Ulrike Herzschuh is a German geoecologist and palaeoclimatologist. She leads the Polar Terrestrial Environmental Systems section at the Alfred Wegener Institute (AWI), Helmholtz Centre for Polar and Marine Research in Potsdam, a position she has held since 2012.

== Career ==
Herzschuh completed her doctorate at the Free University of Berlin in 2004. She then worked as a researcher at the University of Bergen in Norway before returning to Germany. In 2005 she was appointed junior professor of palaeoecology and palaeoclimatology at the University of Potsdam.

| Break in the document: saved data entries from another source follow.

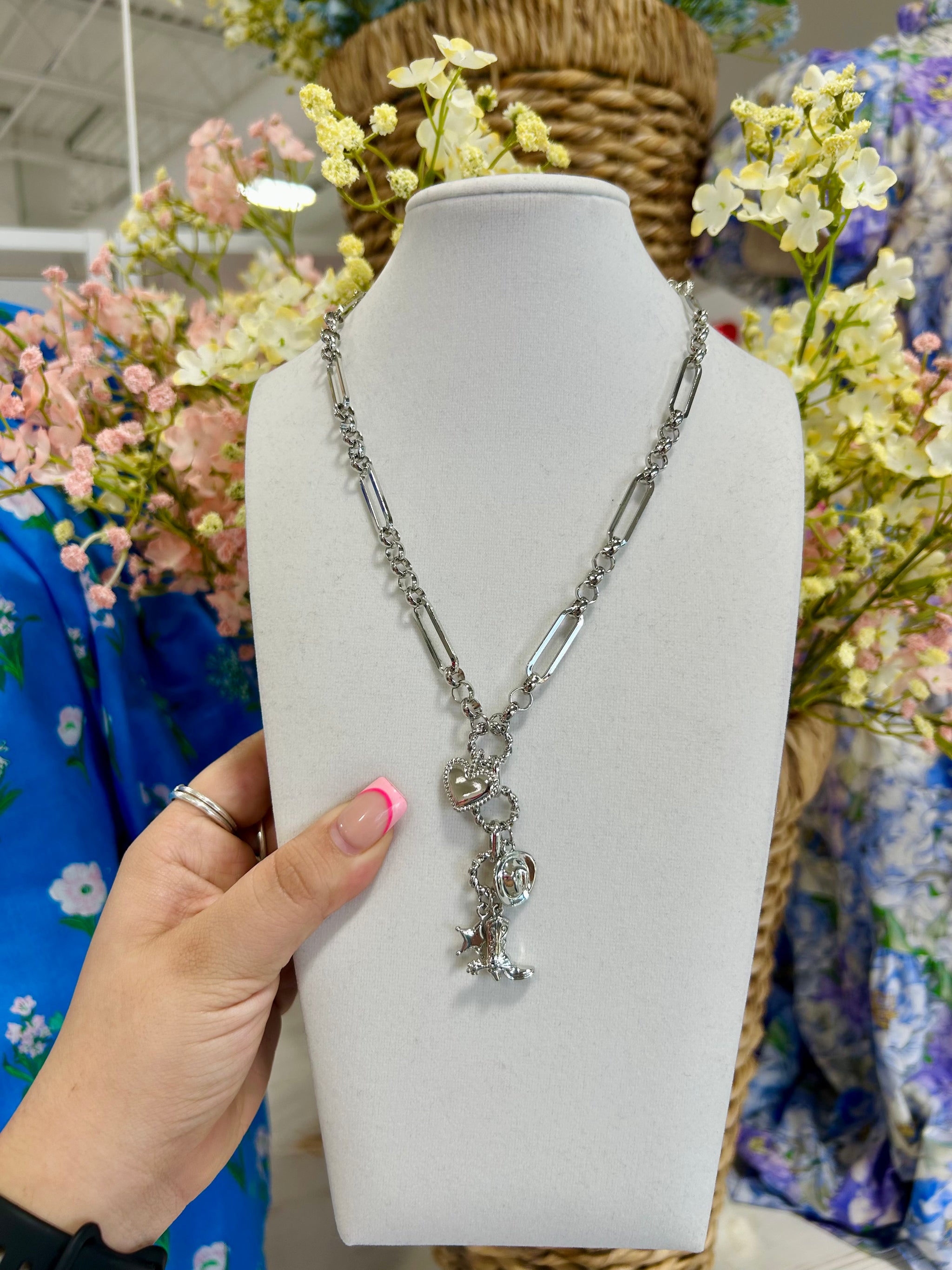 – Sold Out*Saddle up in style with this stunning cowgirl charm necklace, where Western flair meets timeless elegance. Crafted in gleaming silver,...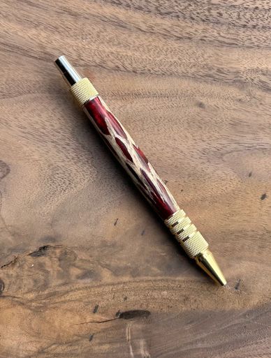 Choose from a hand-curated list of available resin, wood, or hybrid blanks and kit colors to design a “truly yours” pen. Options coming soon. Unless otherwise noted, ink color is black.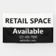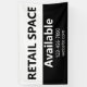 This banner is black and white. You can edit the text to meet your needs. You can edit the text to show your custom text (shown: Retail Space Available) The top half is white with black text. The bottom half is black with white text for the company's phone number and website.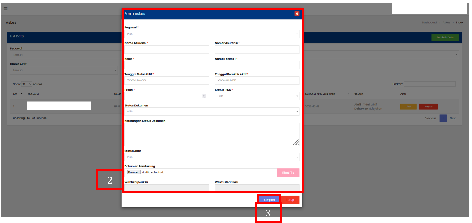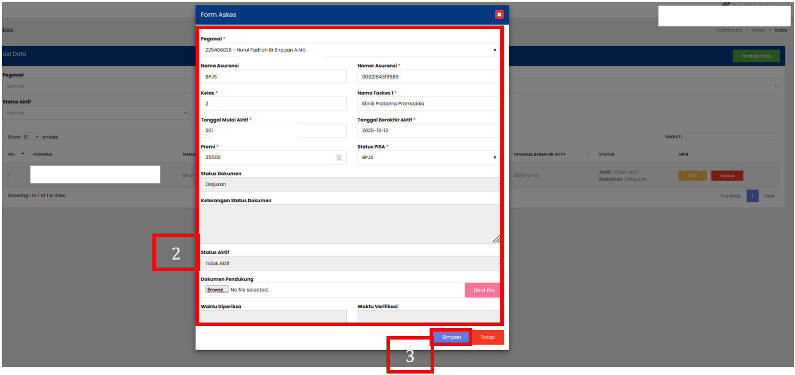 Isi form penambahan data sesuai dengan informasi Askes yang dibutuhkan. Pegawai : nama pegawai yang bersangkutan Nama Asuransi : nama perusahaan/penyedia asuransi Nomor Asuransi : nomor polis/keanggotaan asuransi Kelas : kelas asuransi/kelas perawatan (misalnya: Kelas I, II, III) Nama Faskes 1 : nama fasilitas kesehatan tingkat pertama yang terdaftar Tanggal Mulai Aktif : tanggal mulai berlakunya kepesertaan asuransi Tanggal Berakhir Aktif : tanggal berakhirnya kepesertaan asuransi (jika ada) Premi : jumlah iuran/premi asuransi yang dibayarkan Status PISA : status peserta pada fasilitas kesehatan rujukan (misalnya: Pusat Informasi dan Sistem Administrasi) Status Dokumen : Lengkap / Belum Lengkap Keterangan Status Dokumen : catatan tambahan terkait dokumen (misalnya: “Kartu Asuransi sudah diupload”) Status Aktif : Aktif / Tidak Aktif Dokumen Pendukung : file dokumen tambahan (kartu asuransi, bukti pembayaran, dll.) Waktu Diperiksa : tanggal dan jam dokumen diperiksa Waktu Verifikasi : tanggal dan jam dokumen diverifikasi |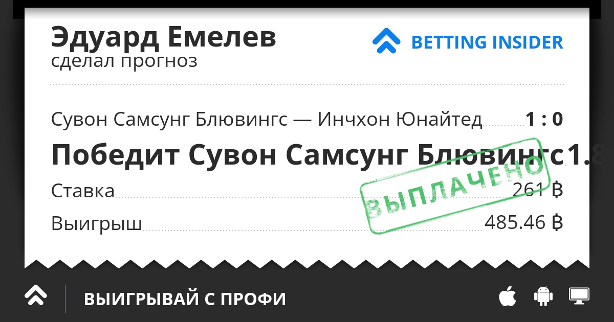 «Инчхон Юнайтед» пока не побеждал в новом сезоне К-Лиги. Обе своих встречи, «Юнайтед» завершил нулевыми ничьими, однако, в таблице расположился выше грозного «Сувон Блюуингз». «Синие Крылья» не смогли победить в стартовых турах. Справедливости ради, в обеих встречах «Сувон» не выглядел аутсайдером и проигрывал с минимальной разницей. Так уж распорядился случай, что в первых матчах Лиги, «Синим Крыльям» в соперники достались чемпион и обладатель серебряных медалей прошлого первенства. Теперь, когда в гости едет команда классом ниже, «Сувон» должен уверенно обыгрывать оппонента. «Инчхон Юнатед» в своей нынешней форме едва ли тянет на звание андердога. Ставка на победу «Сувон Блюуингз» выглядит обоснованно.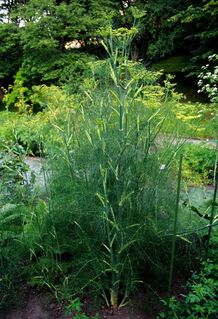 Мощные растения фенхеля с изящными, рассеченными на тонкие нитевидные доли листьями и крупными соцветиями-зонтиками с желтыми цветками могут служить центром декоративной композиции из пряных трав.

She has been elected as Germany's representative on the international expert committees of the International Arctic Science Committee (IASC) and Conservation of Arctic Flora and Fauna (CAFF).

== Research ==
Herzschuh's work examines how climate fluctuations over geological time have affected biodiversity, particularly in Arctic and high-mountain environments. She conducts fieldwork in Siberia, Antarctica, the Tibetan Plateau, and Alaska, collecting sediment cores from lakes and marine deposits. These cores contain fossil pollen, chironomid midges, stable isotopes, and biomarkers that allow reconstruction of past climates.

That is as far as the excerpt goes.